Per quanto curiosa fosse Dinarzade di udire il resto della storia del re greco, non si destò essa questa notte sì di buon’ora come il solito; anzi era quasi giorno quando disse alla sultana: — Mia buona sorella, ti prego di continuare la maravigliosa storia del re greco; ma di grazia, sollecitati, perchè il giorno è già vicino.»

Scheherazade riprese tosto il suo racconto al passo in cui l’aveva lasciato il giorno precedente. — Sire,» disse, «il pescatore continuò così: «Quando il medico Duban, o a meglio dire la sua testa, vide che il veleno faceva il suo effetto, e che il re aveva sol pochi momenti di vita: — Tiranno,» gridò, « ecco in qual modo sono trattati i principi che, abusando della loro autorità, fanno perire gl’innocenti. Iddio tosto o tardi ne punisce l’ingiustizia e la crudeltà.» Ebbe finite appena la testa queste parole, che il re cadde morto, ed essa pure smarrì il poco di vita che ancor le rimaneva.

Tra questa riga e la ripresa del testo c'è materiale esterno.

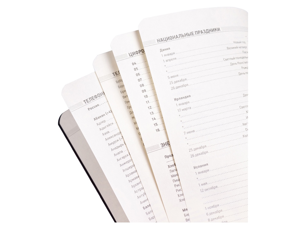 В ежедневнике Megapolis Flex есть полезная справочная информация и телефонная книга, а также страницы для записи идей, мыслей и составления рабочих планов. Для изготовления страниц используется качественный бежевый офсет повышенной плотности (70 г/кв м). Блок не привязан к конкретным датам – они указываются в выделенном поле вверху страницы. Тонированная бумага не дает глазам утомиться даже при длительной работе.

«Sire,» proseguì Scheherazade, «tale fu la fine del re greco e del medico Duban. Ora è d’uopo far ritorno alla storia del pescatore e del genio; ma non val la pena di cominciarla, essendo già giorno.» Il sultano, di cui tutte le ore erano regolate, non potendo ascoltarla più oltre, si alzò; e siccome voleva udire assolutamente la continuazione della storia del genio e del pescatore, avvertì la sultana di prepararsi a narrargliela la notte susseguente.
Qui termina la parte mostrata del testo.